In the listing below, find the line containing "亚洲文明对话大会新闻中心开设" and the line containing "WATCH DETAILS: ITEM: WatchBRAND: RolexTYPE: Two". Repeat exactly those two lines and every line between them, nothing more.
================
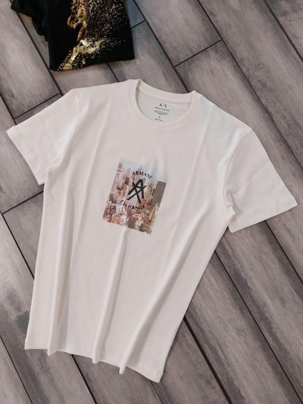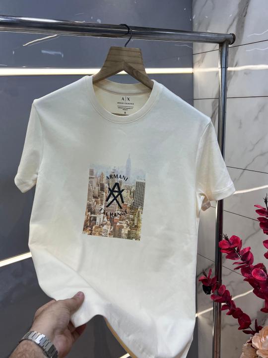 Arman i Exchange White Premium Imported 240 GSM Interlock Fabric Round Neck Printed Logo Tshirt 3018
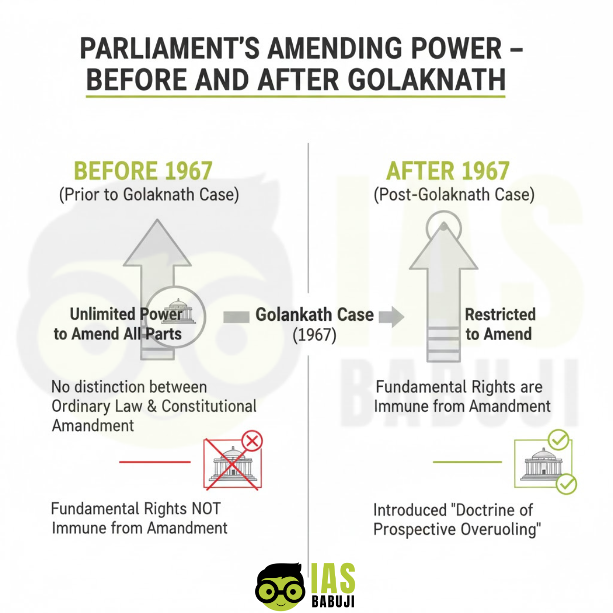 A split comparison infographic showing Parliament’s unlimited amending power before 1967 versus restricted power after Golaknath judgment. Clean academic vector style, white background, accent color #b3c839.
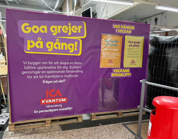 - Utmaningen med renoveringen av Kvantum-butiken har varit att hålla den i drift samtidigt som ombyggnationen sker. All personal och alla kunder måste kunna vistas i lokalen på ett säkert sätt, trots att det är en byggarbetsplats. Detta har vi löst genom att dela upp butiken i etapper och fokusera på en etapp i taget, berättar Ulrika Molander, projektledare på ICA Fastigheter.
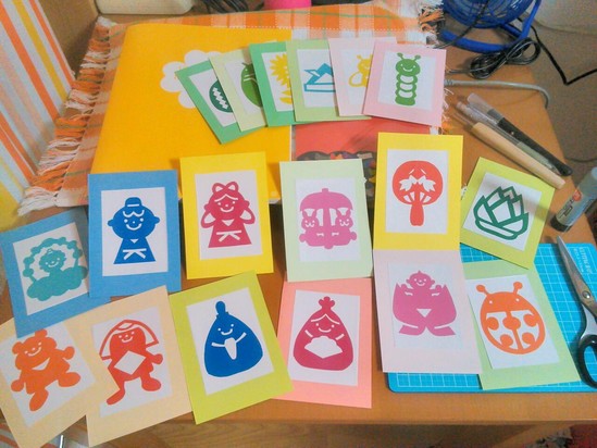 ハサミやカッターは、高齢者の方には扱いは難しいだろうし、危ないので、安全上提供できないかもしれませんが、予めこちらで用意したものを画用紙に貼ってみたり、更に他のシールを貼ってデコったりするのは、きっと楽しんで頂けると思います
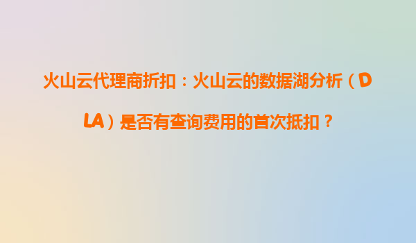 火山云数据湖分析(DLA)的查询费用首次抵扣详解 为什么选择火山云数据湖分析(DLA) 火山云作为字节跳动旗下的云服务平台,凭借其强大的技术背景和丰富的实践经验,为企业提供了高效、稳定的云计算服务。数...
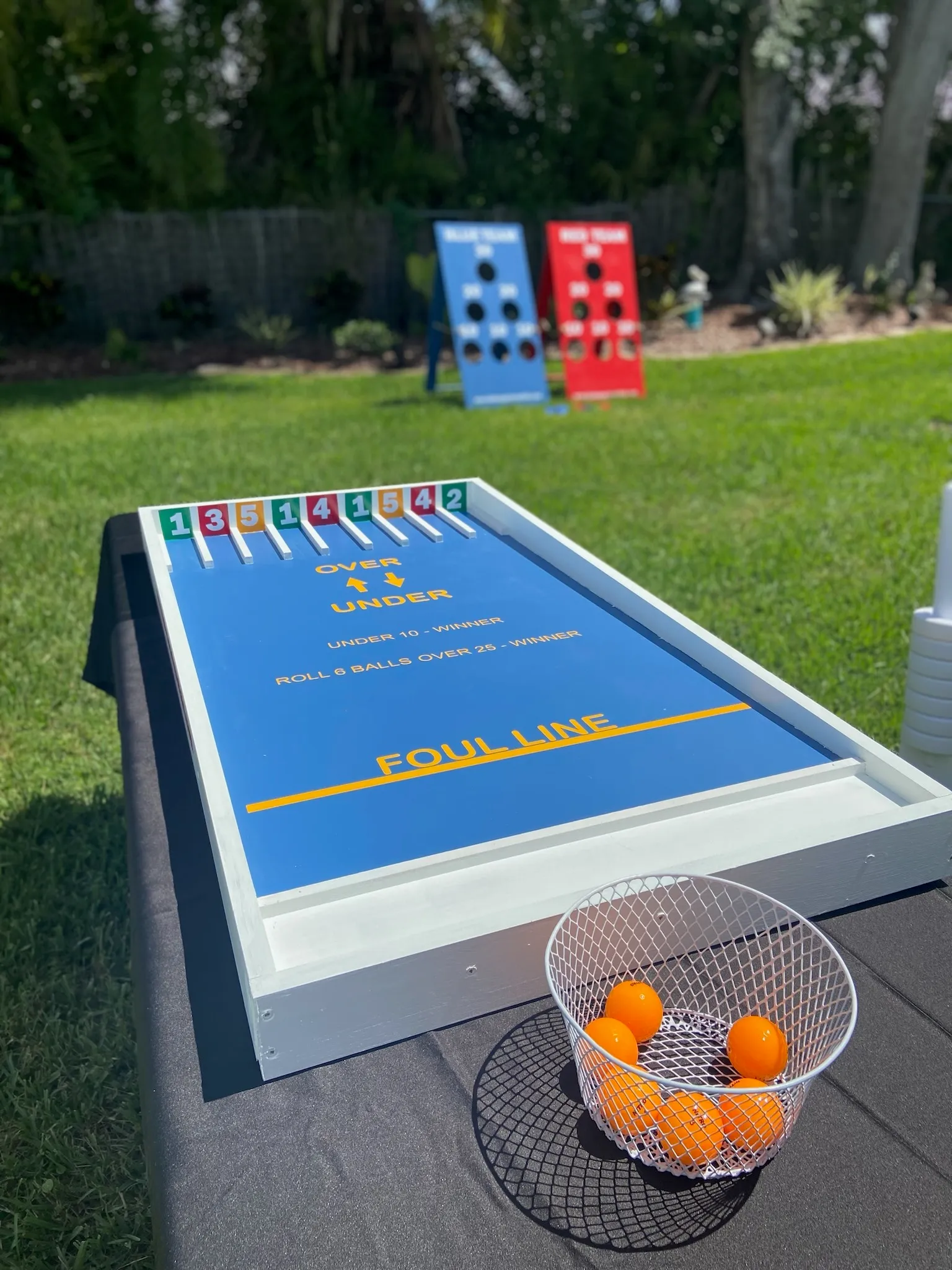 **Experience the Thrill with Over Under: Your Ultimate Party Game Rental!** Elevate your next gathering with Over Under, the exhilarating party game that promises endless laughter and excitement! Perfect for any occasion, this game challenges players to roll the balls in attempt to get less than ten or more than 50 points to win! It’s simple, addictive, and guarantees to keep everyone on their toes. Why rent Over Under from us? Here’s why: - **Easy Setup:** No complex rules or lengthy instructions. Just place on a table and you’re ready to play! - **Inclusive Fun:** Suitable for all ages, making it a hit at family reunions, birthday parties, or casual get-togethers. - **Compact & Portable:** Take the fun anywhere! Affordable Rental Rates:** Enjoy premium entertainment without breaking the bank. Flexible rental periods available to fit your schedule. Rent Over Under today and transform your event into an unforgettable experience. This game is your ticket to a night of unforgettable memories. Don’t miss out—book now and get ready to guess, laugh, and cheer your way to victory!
================
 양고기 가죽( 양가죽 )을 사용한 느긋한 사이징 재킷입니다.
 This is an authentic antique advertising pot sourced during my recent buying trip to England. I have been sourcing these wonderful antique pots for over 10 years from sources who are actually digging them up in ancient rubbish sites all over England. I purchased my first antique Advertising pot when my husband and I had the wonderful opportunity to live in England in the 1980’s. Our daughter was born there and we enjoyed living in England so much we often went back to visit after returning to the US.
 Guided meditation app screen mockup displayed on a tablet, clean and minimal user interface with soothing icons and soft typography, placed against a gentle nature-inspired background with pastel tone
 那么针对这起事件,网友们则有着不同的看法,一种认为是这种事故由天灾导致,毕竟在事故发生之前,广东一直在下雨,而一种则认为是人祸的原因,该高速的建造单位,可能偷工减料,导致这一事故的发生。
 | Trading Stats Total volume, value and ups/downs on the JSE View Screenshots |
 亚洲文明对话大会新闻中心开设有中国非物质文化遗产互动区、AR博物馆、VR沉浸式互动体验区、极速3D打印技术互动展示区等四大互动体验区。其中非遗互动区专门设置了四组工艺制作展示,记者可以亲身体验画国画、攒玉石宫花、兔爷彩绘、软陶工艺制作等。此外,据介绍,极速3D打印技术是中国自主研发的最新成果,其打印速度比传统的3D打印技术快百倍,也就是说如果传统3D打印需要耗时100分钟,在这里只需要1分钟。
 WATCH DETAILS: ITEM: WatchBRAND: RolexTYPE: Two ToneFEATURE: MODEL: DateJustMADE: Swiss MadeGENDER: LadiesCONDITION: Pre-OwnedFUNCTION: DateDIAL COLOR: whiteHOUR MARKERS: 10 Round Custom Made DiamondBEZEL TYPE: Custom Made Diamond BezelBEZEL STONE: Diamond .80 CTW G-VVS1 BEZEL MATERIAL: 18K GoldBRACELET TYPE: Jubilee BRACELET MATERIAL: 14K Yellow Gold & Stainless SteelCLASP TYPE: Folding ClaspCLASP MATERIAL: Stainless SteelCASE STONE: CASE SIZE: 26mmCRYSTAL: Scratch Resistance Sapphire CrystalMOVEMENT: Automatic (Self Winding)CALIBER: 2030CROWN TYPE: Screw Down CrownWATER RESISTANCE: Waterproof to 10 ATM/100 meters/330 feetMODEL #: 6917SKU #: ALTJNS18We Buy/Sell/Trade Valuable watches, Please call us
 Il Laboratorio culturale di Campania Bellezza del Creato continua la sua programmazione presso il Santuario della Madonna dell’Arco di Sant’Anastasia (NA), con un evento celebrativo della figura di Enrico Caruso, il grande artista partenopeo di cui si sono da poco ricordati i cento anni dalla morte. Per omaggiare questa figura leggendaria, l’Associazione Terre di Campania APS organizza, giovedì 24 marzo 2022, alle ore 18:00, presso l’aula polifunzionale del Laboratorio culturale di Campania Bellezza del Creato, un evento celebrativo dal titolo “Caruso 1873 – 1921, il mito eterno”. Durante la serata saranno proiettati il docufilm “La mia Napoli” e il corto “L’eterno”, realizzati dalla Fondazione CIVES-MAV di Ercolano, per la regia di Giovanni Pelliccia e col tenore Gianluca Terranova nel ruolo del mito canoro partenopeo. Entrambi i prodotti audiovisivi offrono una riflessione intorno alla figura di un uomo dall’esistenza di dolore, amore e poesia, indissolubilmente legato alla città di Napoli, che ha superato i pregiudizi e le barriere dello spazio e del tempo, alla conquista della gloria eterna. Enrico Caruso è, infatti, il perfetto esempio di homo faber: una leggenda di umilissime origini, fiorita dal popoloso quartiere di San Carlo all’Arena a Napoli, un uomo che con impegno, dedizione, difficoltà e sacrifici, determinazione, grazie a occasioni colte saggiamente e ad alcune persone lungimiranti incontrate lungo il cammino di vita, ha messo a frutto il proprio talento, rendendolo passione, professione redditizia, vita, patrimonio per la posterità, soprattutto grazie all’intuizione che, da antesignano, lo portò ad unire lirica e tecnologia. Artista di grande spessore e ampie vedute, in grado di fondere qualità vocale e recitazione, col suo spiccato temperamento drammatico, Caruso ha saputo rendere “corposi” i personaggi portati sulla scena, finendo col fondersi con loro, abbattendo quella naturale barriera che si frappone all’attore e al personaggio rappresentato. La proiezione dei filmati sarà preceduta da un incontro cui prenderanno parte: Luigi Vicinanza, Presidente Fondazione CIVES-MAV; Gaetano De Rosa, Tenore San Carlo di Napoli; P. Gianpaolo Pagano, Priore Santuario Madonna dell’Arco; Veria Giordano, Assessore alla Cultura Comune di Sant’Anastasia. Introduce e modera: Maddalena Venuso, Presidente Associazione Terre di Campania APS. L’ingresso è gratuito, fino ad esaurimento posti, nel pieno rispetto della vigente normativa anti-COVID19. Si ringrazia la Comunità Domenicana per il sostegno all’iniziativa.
================
• [FINAL ANSWER]
 亚洲文明对话大会新闻中心开设有中国非物质文化遗产互动区、AR博物馆、VR沉浸式互动体验区、极速3D打印技术互动展示区等四大互动体验区。其中非遗互动区专门设置了四组工艺制作展示,记者可以亲身体验画国画、攒玉石宫花、兔爷彩绘、软陶工艺制作等。此外,据介绍,极速3D打印技术是中国自主研发的最新成果,其打印速度比传统的3D打印技术快百倍,也就是说如果传统3D打印需要耗时100分钟,在这里只需要1分钟。
 WATCH DETAILS: ITEM: WatchBRAND: RolexTYPE: Two ToneFEATURE: MODEL: DateJustMADE: Swiss MadeGENDER: LadiesCONDITION: Pre-OwnedFUNCTION: DateDIAL COLOR: whiteHOUR MARKERS: 10 Round Custom Made DiamondBEZEL TYPE: Custom Made Diamond BezelBEZEL STONE: Diamond .80 CTW G-VVS1 BEZEL MATERIAL: 18K GoldBRACELET TYPE: Jubilee BRACELET MATERIAL: 14K Yellow Gold & Stainless SteelCLASP TYPE: Folding ClaspCLASP MATERIAL: Stainless SteelCASE STONE: CASE SIZE: 26mmCRYSTAL: Scratch Resistance Sapphire CrystalMOVEMENT: Automatic (Self Winding)CALIBER: 2030CROWN TYPE: Screw Down CrownWATER RESISTANCE: Waterproof to 10 ATM/100 meters/330 feetMODEL #: 6917SKU #: ALTJNS18We Buy/Sell/Trade Valuable watches, Please call us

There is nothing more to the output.